Create ZFS filesystems on the new zpool
The last remaining thing is to create a filesystem in the new zfs pool:
$ zfs list NAME USED AVAIL REFER MOUNTPOINT gelipool 624K 3.54T 144K /gelipool tank 704M 28.6G 31K none tank/root 704M 28.6G 413M / tank/root/tmp 38K 28.6G 38K /tmp tank/root/usr 291M 28.6G 291M /usr tank/root/var 505K 28.6G 505K /var $ sudo zfs set mountpoint=none gelipool $ sudo zfs set compression=on gelipool $ sudo zfs create -o mountpoint=/usr/jails gelipool/jails $ zfs list NAME USED AVAIL REFER MOUNTPOINT gelipool 732K 3.54T 144K none gelipool/jails 144K 3.54T 144K /usr/jails tank 704M 28.6G 31K none tank/root 704M 28.6G 413M / tank/root/tmp 38K 28.6G 38K /tmp tank/root/usr 291M 28.6G 291M /usr tank/root/var 505K 28.6G 505K /var $
Disable atime
One last thing I like to do is to disable atime
or access time on the filesystem. Access times are recorded every time a file is read, and while this can have it's use cases, I never use it. Disabling it means a lot fewer write operations, as a read operation doesn't automatically include a write operation when atime
is disabled. Disabling it is easy:
$ sudo zfs set atime=off tank $ sudo zfs set atime=off gelipool $
The next things are post-install configuration stuff like OS upgrade, ports, firewall and so on. The basic install is finished \o/
Reserved space
Running out of space in ZFS is bad. Stuff will run slowly and may stop working entirely until some space is freed. The problem is that ZFS is a journalled filesystem which means that all writes, even a deletion, requires writing data to the disk. I've more than once wound up in a situation where I couldn't delete file to free up diskspace because the disk was full.
Sometimes this can be resolved by overwriting a large file, like:
$ echo > /path/to/a/large/file
This will overwrite the file thereby freeing up some space, but sometimes even this is not possible. This is where reserved space comes in. I create a new filesystem in each pool, set them readonly and without a mountpoint, and with 1G reserved each:
$ sudo zfs create -o mountpoint=none -o reservation=1G -o readonly=on gelipool/reserved $ sudo zfs create -o mountpoint=none -o reservation=1G -o readonly=on tank/reserved
If I run out of space for some reason, I can just delete the dataset, or unset the reserved
property, and I immediately have 1G diskspace available. Yay!
Ports
Installing the ports tree
I need to bootstrap the ports system, I use portsnap
as it is way faster than using c(v)sup. Initially I run portsnap fetch extract
and when I need to update the tree later I use portsnap fetch update
.
smartd
I install smartd to monitor the disks for problems:
$ sudo pkg install smartmontools
I create the file /usr/local/etc/smartd.conf
and add this line to it:
DEVICESCAN -a -m thomas@gibfest.dk
This makes smartd monitor all disks and send me an email if it finds an error.

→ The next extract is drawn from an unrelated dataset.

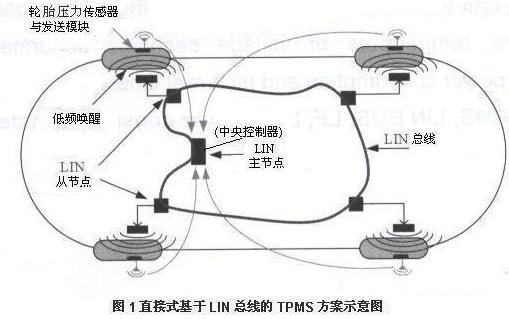 由于將研討LIN總線應(yīng)用于TPMS,并用MCU、RF和傳感器實現(xiàn)TPMS見圖1直接式基于LIN總線的TPMS方案示意圖。而實用 TPMS示意的輪胎氣壓監(jiān)測系統(tǒng),是由與輪胎閥一體的4個訊號發(fā)射器、收訊天線、收訊器及訊號顯示儀四類部件組成的。為此有必要先對汽車應(yīng)用的LIN總線有關(guān)技術(shù)作介紹。
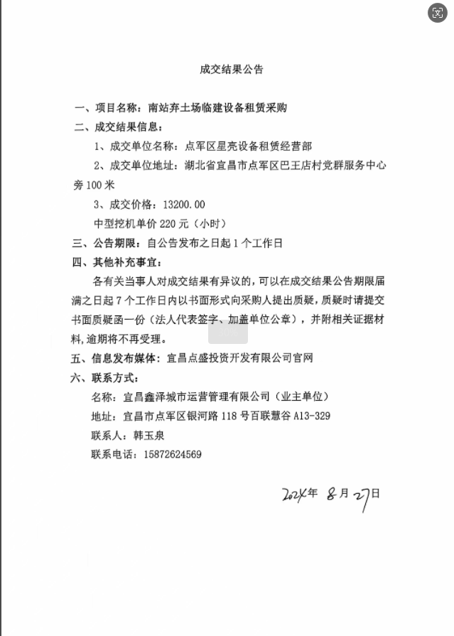 南站路棄土場臨建設(shè)備租賃采購項目成交公告

Remember to enable smartd in /etc/rc.conf
and start it:
sudo sysrc smartd_enable="YES" sudo service smartd start
openntpd
I install net/openntpd
to keep the clock in sync. I find this a lot easier to configure than the base ntpd.
sudo pkg install openntpd
I enable openntpd
in /etc/rc.conf
:
sudo sysrc openntpd_enable="YES"
and add a one line config file:
$ grep -v "^#" /usr/local/etc/ntpd.conf | grep -v "^$" servers de.pool.ntp.org $
sync the clock and start openntpd:
sudo ntpdate de.pool.ntp.org sudo service openntpd start
ntpdate
I also enable ntpdate
to help set the clock after a reboot. I add the following two lines to /etc/rc.conf
:
sudo sysrc ntpdate_enable="YES" sudo sysrc ntpdate_hosts="de.pool.ntp.org"
Upgrade OS (buildworld)
I usually run -STABLE on my hosts, which means I need to build and install a new world and kernel. I also like having rctl available on my jail hosts, so I can limit jail ressources in all kinds of neat ways. I also like having DTRACE available. Additionally I also need the built world to populate ezjails basejail.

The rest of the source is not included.